==== PROVIDED RECORDS ====

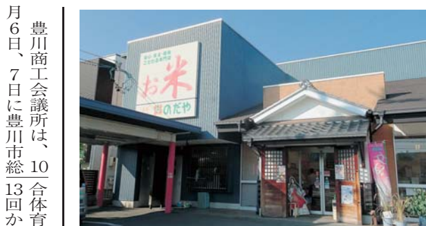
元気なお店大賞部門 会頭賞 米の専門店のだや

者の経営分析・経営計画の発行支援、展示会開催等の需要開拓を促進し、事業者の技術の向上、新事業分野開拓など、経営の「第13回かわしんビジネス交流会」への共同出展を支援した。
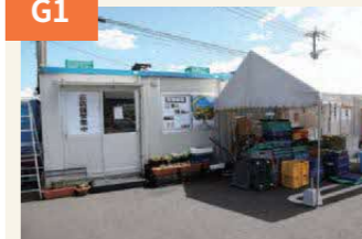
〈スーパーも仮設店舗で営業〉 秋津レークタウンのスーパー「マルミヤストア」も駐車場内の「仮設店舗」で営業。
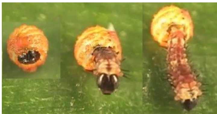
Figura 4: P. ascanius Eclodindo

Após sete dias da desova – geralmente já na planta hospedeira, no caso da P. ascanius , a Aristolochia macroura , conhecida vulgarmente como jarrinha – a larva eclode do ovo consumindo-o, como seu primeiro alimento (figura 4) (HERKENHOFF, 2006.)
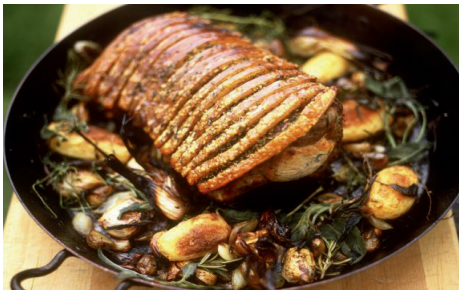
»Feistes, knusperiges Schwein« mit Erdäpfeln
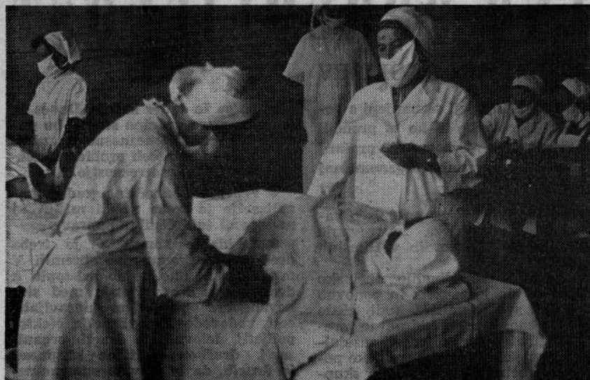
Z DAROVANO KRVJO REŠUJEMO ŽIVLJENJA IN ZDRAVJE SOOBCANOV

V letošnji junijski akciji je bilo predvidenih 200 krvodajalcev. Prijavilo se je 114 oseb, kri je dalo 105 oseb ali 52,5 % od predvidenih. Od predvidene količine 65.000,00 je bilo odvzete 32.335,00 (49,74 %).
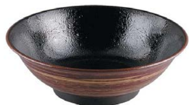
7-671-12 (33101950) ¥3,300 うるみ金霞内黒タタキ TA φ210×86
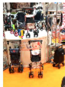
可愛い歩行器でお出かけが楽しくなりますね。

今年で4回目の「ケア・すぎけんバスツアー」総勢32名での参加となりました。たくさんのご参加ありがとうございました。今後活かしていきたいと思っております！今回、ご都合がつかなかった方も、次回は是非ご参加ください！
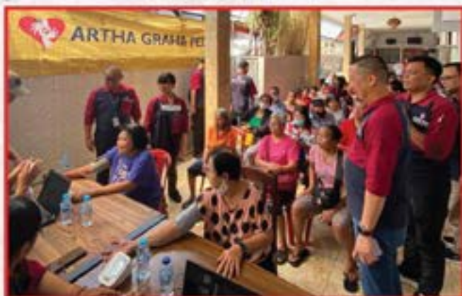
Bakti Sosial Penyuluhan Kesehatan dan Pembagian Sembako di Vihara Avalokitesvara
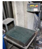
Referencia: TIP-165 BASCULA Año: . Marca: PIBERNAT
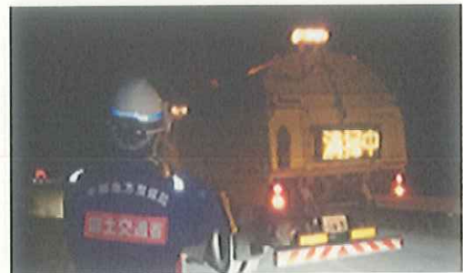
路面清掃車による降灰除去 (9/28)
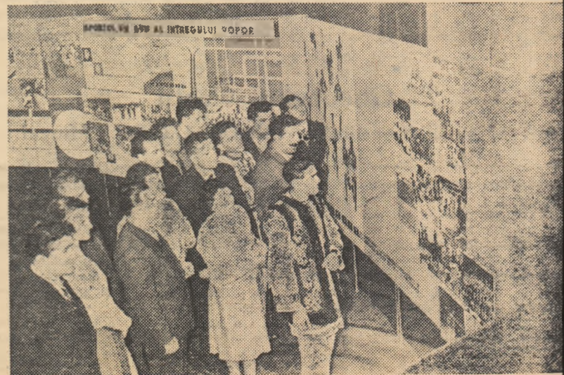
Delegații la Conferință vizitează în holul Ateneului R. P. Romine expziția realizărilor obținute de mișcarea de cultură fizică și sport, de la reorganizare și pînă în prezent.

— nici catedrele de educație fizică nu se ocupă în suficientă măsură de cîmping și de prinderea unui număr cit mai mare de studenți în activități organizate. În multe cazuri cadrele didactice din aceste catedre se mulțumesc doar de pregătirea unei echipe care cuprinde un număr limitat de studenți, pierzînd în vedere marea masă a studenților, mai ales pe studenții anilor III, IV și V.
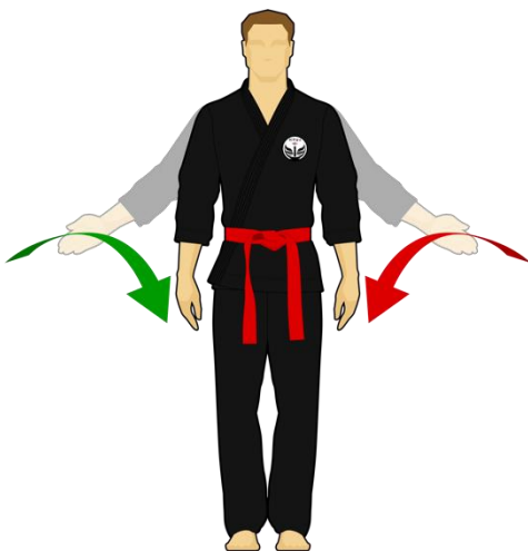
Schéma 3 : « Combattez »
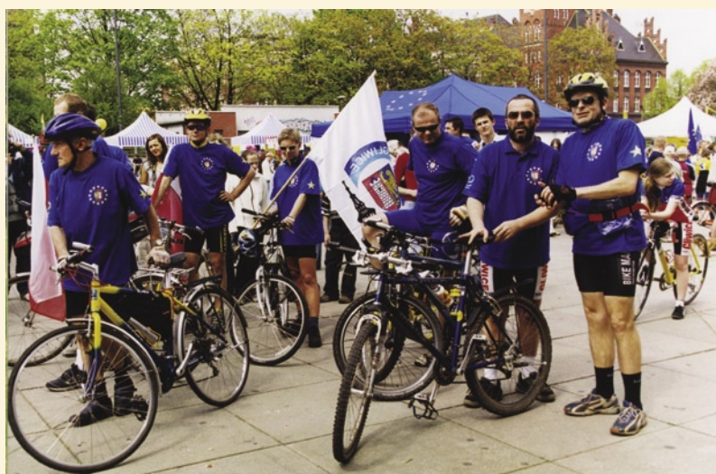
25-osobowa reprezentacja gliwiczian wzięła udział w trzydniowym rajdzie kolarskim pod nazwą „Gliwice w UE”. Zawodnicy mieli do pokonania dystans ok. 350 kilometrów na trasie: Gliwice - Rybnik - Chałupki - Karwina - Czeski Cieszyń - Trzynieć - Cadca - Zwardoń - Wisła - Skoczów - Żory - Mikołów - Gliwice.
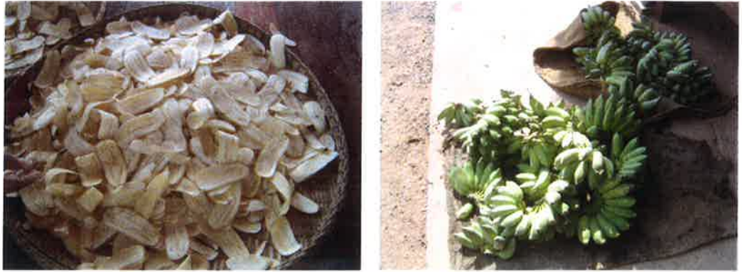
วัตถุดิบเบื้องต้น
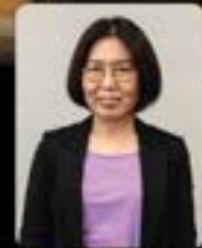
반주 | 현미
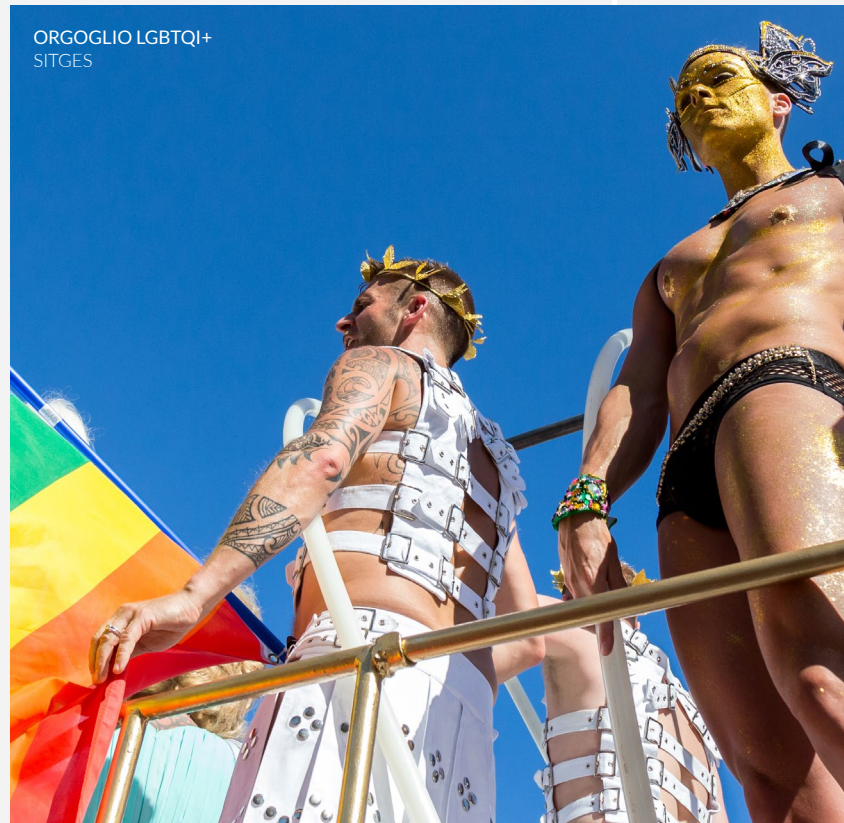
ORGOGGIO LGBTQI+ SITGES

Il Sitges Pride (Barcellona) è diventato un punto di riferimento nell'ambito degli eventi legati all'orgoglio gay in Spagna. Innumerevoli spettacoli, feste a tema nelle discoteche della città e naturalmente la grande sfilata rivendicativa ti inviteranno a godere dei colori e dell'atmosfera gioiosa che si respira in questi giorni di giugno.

====

### EXERCISE
Looking above, find the stretch of lines that opens with the one holding "Z DAROVANO KRVJO" and closes with the one holding "路面清掃車による降灰除去 (9/28)". Copy it exactly, pictures excluded.

### SOLUTION BELOW
Z DAROVANO KRVJO REŠUJEMO ŽIVLJENJA IN ZDRAVJE SOOBCANOV

V letošnji junijski akciji je bilo predvidenih 200 krvodajalcev. Prijavilo se je 114 oseb, kri je dalo 105 oseb ali 52,5 % od predvidenih. Od predvidene količine 65.000,00 je bilo odvzete 32.335,00 (49,74 %).
7-671-12 (33101950) ¥3,300 うるみ金霞内黒タタキ TA φ210×86
可愛い歩行器でお出かけが楽しくなりますね。

今年で4回目の「ケア・すぎけんバスツアー」総勢32名での参加となりました。たくさんのご参加ありがとうございました。今後活かしていきたいと思っております！今回、ご都合がつかなかった方も、次回は是非ご参加ください！
Bakti Sosial Penyuluhan Kesehatan dan Pembagian Sembako di Vihara Avalokitesvara
Referencia: TIP-165 BASCULA Año: . Marca: PIBERNAT
路面清掃車による降灰除去 (9/28)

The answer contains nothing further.